Assignment »
Write out every line of the material as it stands, apart from the pictures.

Given information »
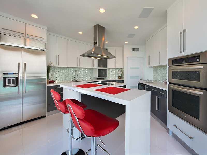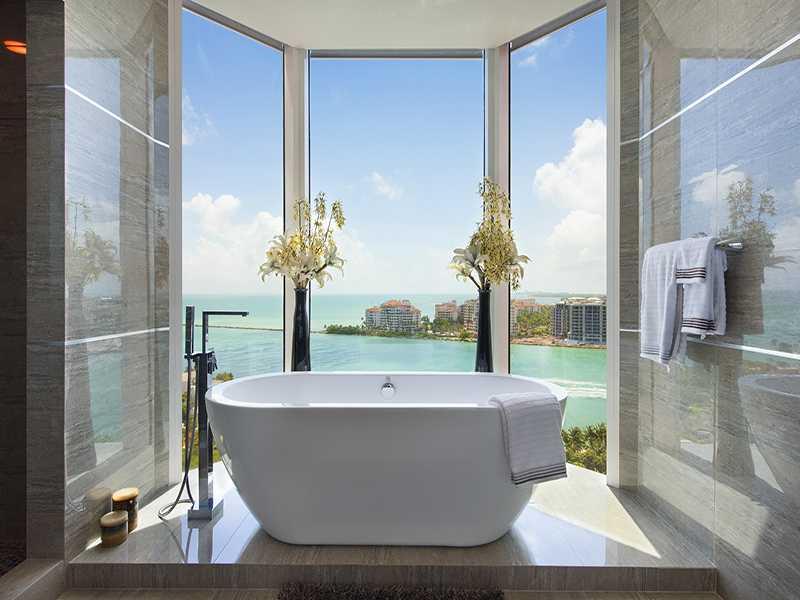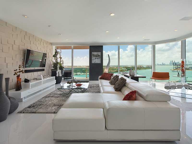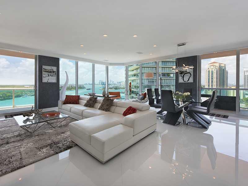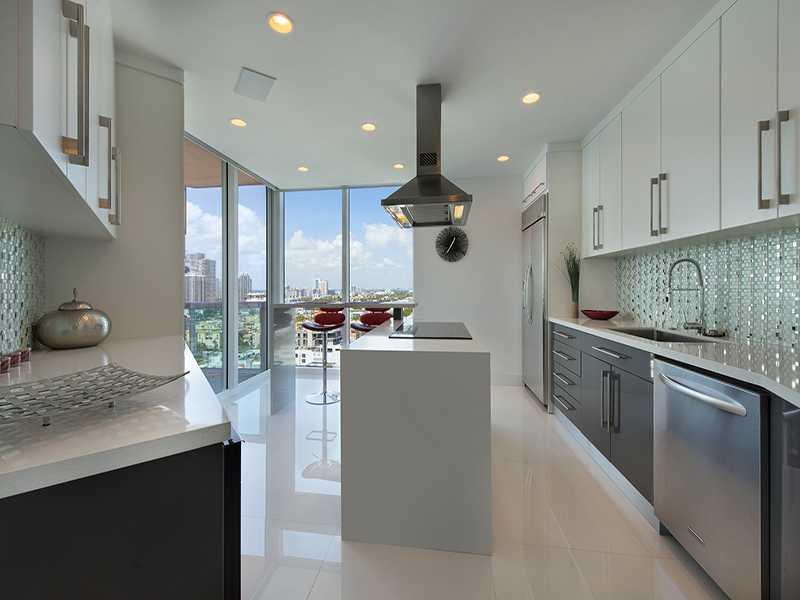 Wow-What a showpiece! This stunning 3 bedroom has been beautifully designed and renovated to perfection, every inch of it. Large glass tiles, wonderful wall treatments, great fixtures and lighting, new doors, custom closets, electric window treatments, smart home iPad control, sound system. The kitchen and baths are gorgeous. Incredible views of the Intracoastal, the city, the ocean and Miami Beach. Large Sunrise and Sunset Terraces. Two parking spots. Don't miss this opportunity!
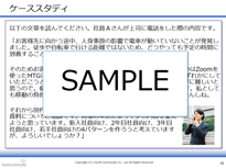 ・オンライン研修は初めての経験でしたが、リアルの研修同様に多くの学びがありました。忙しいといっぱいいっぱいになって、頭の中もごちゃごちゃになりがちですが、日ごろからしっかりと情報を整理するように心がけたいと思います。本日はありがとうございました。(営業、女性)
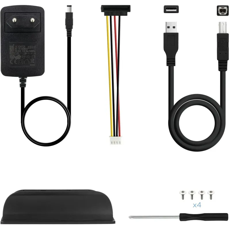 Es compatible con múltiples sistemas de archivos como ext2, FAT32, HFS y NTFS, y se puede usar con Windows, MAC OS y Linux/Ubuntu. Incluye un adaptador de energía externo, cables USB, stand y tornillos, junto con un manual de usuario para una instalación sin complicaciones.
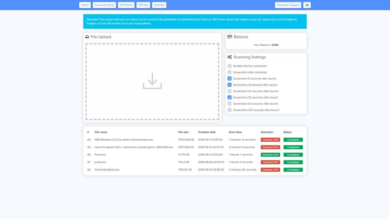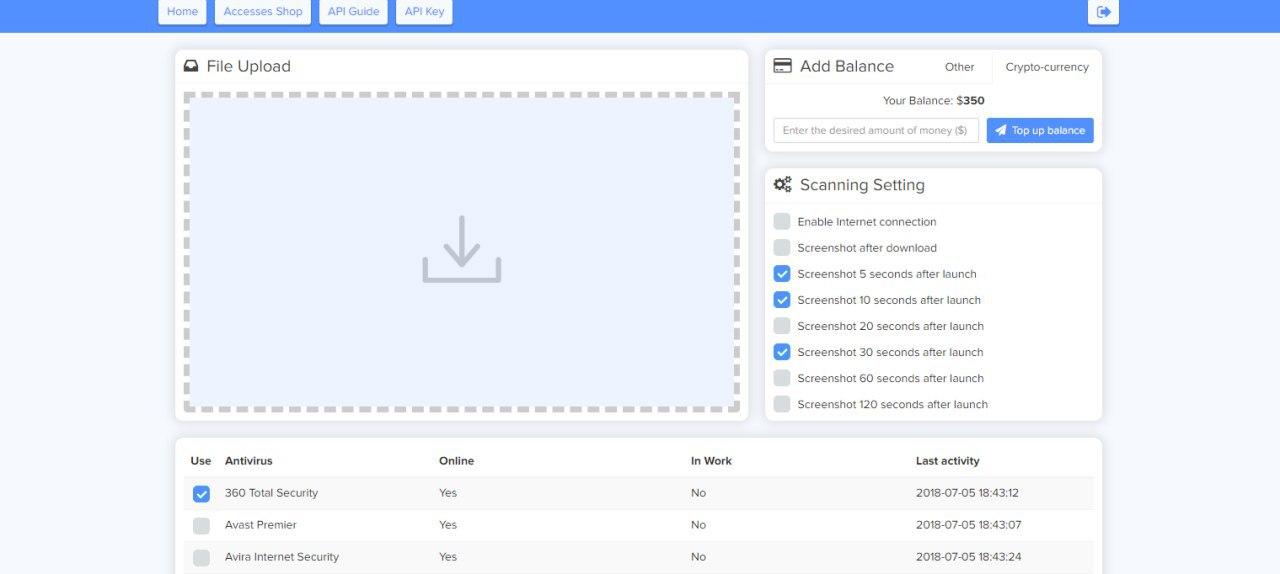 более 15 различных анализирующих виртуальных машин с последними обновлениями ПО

Answer to the problem »
 Wow-What a showpiece! This stunning 3 bedroom has been beautifully designed and renovated to perfection, every inch of it. Large glass tiles, wonderful wall treatments, great fixtures and lighting, new doors, custom closets, electric window treatments, smart home iPad control, sound system. The kitchen and baths are gorgeous. Incredible views of the Intracoastal, the city, the ocean and Miami Beach. Large Sunrise and Sunset Terraces. Two parking spots. Don't miss this opportunity!
 ・オンライン研修は初めての経験でしたが、リアルの研修同様に多くの学びがありました。忙しいといっぱいいっぱいになって、頭の中もごちゃごちゃになりがちですが、日ごろからしっかりと情報を整理するように心がけたいと思います。本日はありがとうございました。(営業、女性)
 Es compatible con múltiples sistemas de archivos como ext2, FAT32, HFS y NTFS, y se puede usar con Windows, MAC OS y Linux/Ubuntu. Incluye un adaptador de energía externo, cables USB, stand y tornillos, junto con un manual de usuario para una instalación sin complicaciones.
 более 15 различных анализирующих виртуальных машин с последними обновлениями ПО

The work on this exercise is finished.